Fiber is not a one size fits all. So many folks try to use what they have inherited and make it all work. Fiber is defined by what types of wavelengths it can accommodate and what types of lasers are used based on its core’s capabilities. SM fiber can cover up to 130Km in distance due to the strong lasers that shoot the light that far, through a core size of 9/125 micron. MM fiber, on the other hand, is ideal for short distance applications, up to 2Km, through a core size of 62.5 micron (50 micron still used in some installations). The MM core size is larger and lends itself to modal dispersion (lots of light bouncing around inside the core). If you install SM products over a MM fiber run, the end result are CRC errors due to packets dropping; this will not make thy network users happy.

2. Thou shalt not fear attenuation when deploying SM fiber if it is too hot (ouch!!)

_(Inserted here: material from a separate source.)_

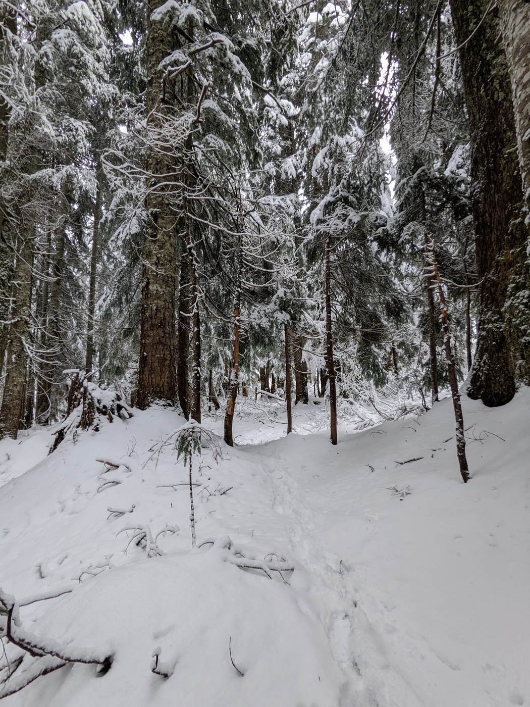 Awkward time of year to do this it turns out as the trail is hard to follow under all the snow but it's not deep enough to just snowshoe over the top of all the underbrush. Be prepared to hone your navigation skills and do some bushwhacking. Note that the blue markers seem to be the winter route and will lead you through all the brush, so aren't necessarily helpful for finding the trail besides making sure you're in the vague right area. If you try to follow our meandering tracks, enjoy the adventure :)

“You may need attenuation.” Ah, that dreaded piece of advice. What is it, how do I avoid it? Attenuation is a condition relevant to SM fiber, due to the long distances SM fiber can cover. Sometimes SM fiber is installed over a short distance (yeah, I know, the installer should have installed MM fiber instead). Under this condition, a SM fiber laser can be described as “hot”—no it hasn’t been baking in the oven, it has a strong signal strength to shoot over a given distance it is capable of achieving. So what does attenuation provide? Simply put, it is a way of reducing the signal strength without impacting the integrity of the line or throughput of data. Attenuators are available in the form factors of an O ring (slips onto the ST connector type interface), a coupler on the fiber line itself, or as a connector cap to clip onto a fiber interface connector. They are available in various values of dB, and adding 10dB is often the “wet thumb” approach if you don’t want to spend time performing heavy mathematical calculations. Multi Mode fiber is not susceptible to the need for attenuation, as there is too much modal dispersion going on in the first place.

Air gap attenuation: if thy customer does not believe he needs attenuation, ask him to back off the connector on the transmit port of the fiber, while maintaining a link and continuing to send data. This is referred to as “air gap attenuation”. If the data starts flowing through with loss, attenuation does need to be added.

3. Thou shalt know thy connector types

Connectors for fiber transceivers are SC, ST, and LC. SC, stick and click, is a square type connector. ST, stick and twist, is a bayonet type, round connector. LC—sorry, no catchy description. It was developed by Lucent in the early 2000 era to address field techs complaining that ST and SC were too bulky and easy to dislodge from the fiber interfaces on equipment. Rolling forward to 2009, SFPs were introduced with the connector type of…drum roll…. LC. LC looks like a compact SC connector. There are other connector types, such as MT-RJ and VF.

Connector Types

4. Thou shalt not buy two of the same product for Single Strand Fiber

Single Strand Fiber (SSF) for SM has the unique ability to use one strand of fiber by using two independent wavelengths, often 1310 and 1550nm. SSF must be used in specific pairs, that is, one is a 1310/1550 device (transmitting at 1310, receiving at 1550) and the other must be a 1550/1310 (transmitting at 1550, receiving at 1310) device. 1550nm is more expensive than 1310nm, due to the type of laser and what kind of distance it can cover. Combine that with the cost of SSF technology and the price is going to be more expensive than dual strand of either wavelength. Naturally, admins look to save money, and the inclination is to buy two of the 1310/1550 device. What you end up with is two left shoes. SSF is like buying a pair of shoes; you need a left shoe and a right shoe. Or is that a left sandal and a right sandal?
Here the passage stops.